In an action for a divorce and ancillary relief, the plaintiff appeals (1), as limited by his brief, from stated portions of a second amended judgment of divorce of the Supreme Court, Nassau County (Ross, J.), entered December 12, 2008, and (2) from an order of the same court entered April 21, 2009, which denied his motion, inter alia, to modify, nunc pro tunc, any judgment entered upon a decision of the same court (Joseph, J.), dated February 22, 2002, "to the extent of eliminating certain internal inconsistencies regarding the Court's award to the wife of a distributive share of the marital portion of the husband's pension."
Published by New York State Law Reporting Bureau pursuant to Judiciary Law § 431.
This opinion is uncorrected and subject to revision before publication in the Official Reports.
MARK C. DILLON, J.P., ANITA R. FLORIO, THOMAS A. DICKERSON PLUMMER E. LOTT, JJ.
ORDERED that the second amended judgment of divorce entered December 12, 2008, and the order entered April 21, 2009, are affirmed, with one bill of costs.
The parties were married in 1969 and have two emancipated children. On September 7, 1994, the wife commenced an action for divorce. She voluntarily discontinued the action on August 23, 1999. On August 24, 1999, the plaintiff husband commenced the instant action for divorce. The parties stipulated that the value of the plaintiff's pension was $402,694.63 as of the commencement date of the first action, and $859,083.68 as of the commencement date of the second action. Following a trial in 2001, the Supreme Court (Joseph, J.) determined that the appropriate date for valuation of the plaintiff's pension was the commencement date of the second action and that the marital property, including the plaintiff's pension, would be divided equally. Upon the plaintiff's appeal from the judgment of divorce dated March 5, 2003, this Court held that the appropriate date for valuation of the plaintiff's pension was the commencement date of the first action (see Mesholam v Mesholam, 25 AD3d 670, 671, affd as mod 11 NY3d 24). Upon remittitur, the Supreme Court (Ross, J.) issued an amended judgment of divorce, entered July 31, 2007.
On appeal, by permission of the Court of Appeals, by the defendant from the amended judgment of divorce, the Court of Appeals held that "courts must use the commencement date of the later, successful action as the earliest valuation date for marital property. However, the circumstances surrounding the commencement of the earlier action can and should be considered as a factor by [the trial court], among other relevant factors, as [it] attempt[s] to calibrate the ultimate equitable distribution of marital economic partnership property acquired after the start of such an action by either spouse'" (Mesholam v Mesholam, 11 NY3d 24, 29, quoting Anglin v Anglin, 80 NY2d 553, 558). The Court of Appeals, inter alia, remitted the matter to the Supreme Court, Nassau County, for further proceedings in accordance with the opinion.

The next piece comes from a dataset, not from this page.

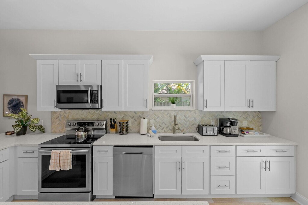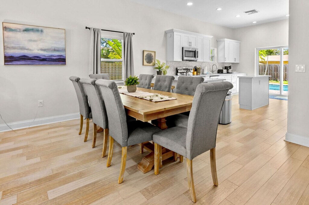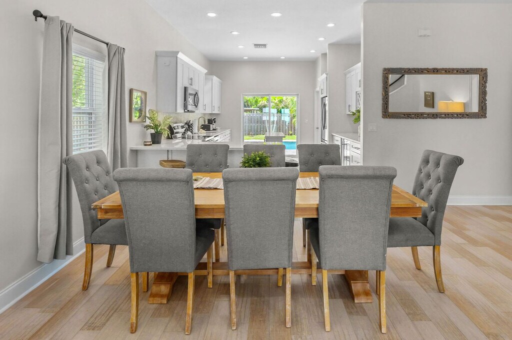This 3-bedroom home in Sarasota, FL, offers everything you need for an amazing vacation. With a private pool, outdoor patio, and balcony, this home provides ample space for relaxation and enjoyment. The home is family-friendly, featuring plush beds, a high chair, and a Pack ’n Play, and is dog-friendly as well. Ample parking is available for up to 8 cars in the driveway. Welcome to your Sarasota getaway! This beautifully appointed home offers the perfect blend of comfort, style, and convenience for families and groups alike. With 3 spacious bedrooms, 2.5 bathrooms, and room to accommodate up to 6 guests, you’ll have plenty of space to relax, unwind, and make unforgettable memories. Step inside to enjoy bright, airy living spaces, a fully equipped kitchen, and cozy gathering areas perfect for movie nights or game time. Outside, soak up Florida’s sunshine while enjoying the backyard retreat, or take a short drive to explore Sarasota’s world-famous beaches, cultural attractions, and dining scene. Up to 2 dogs are allowed for $125 per stay, but no cats please. Parking is available in the driveway for up to 8 cars, with no street parking allowed. Nearby attractions include Siesta Key Beach, famous for its soft white quartz sand and turquoise waters, and Marie Selby Botanical Gardens, filled with orchids and tropical plants. The Ringling Museum of Art and Circus Museum offers world-class art and circus history, while Sarasota Jungle Gardens provides family-friendly gardens with flamingos and animal shows. Dining options nearby include Marina Jack Patio Bar and Grill, Owen’s Fish Camp, and Boca Kitchen Bar and Market, all within a short drive. Check-in is at 4pm and check-out is at 10am. No parties are allowed, and violations may result in immediate termination of the stay. An exterior camera is installed solely to monitor our cleaning team for quality and security purposes. Guests must be 21 years or older to book this property. If you're interested in a long-term stay, please reach out to inquire about availability. A guest verification process is required within 48 hours of booking confirmation, including signing a rental agreement and providing a valid ID and matching credit card. A non-refundable $60 damage waiver is required, covering accidental damage during your stay, as long as it is reported prior to check-out. High-speed Wi-Fi is available throughout the home, ensuring you can stay connected during your stay.

Upon remittitur, the Supreme Court (Ross, J.), in an order dated September 4, 2008, denied the plaintiff's application for a hearing to consider the circumstances surrounding the commencement of the prior divorce action. The Supreme Court found that the record of the trial court was complete and that examination thereof, including the decision after trial dated February 22, 2002, revealed that evidence had been adduced concerning the circumstances surrounding the commencement of the earlier action and that the trial court had considered this factor, among others, in fashioning the award of equitable distribution.
We find no reason to disturb the Supreme Court's determination (see Domestic Relations Law § 236[B][d]; see also Steinberg v Steinberg, 59 AD3d 702; Graves v Graves, 307 AD2d 1022; Karounos v Karounos, 206 AD2d 407).
The plaintiff's contention, among others, that any judgment entered upon the decision after trial dated February 22, 2002, should be modified to eliminate certain alleged internal inconsistencies, could have been raised on the prior appeals. Accordingly, he waived appellate review of that issue (see New York Tel. Co. v Supervisor of Town of Oyster Bay, 35 AD3d 417).
DILLON, J.P., FLORIO, DICKERSON and LOTT, JJ., concur.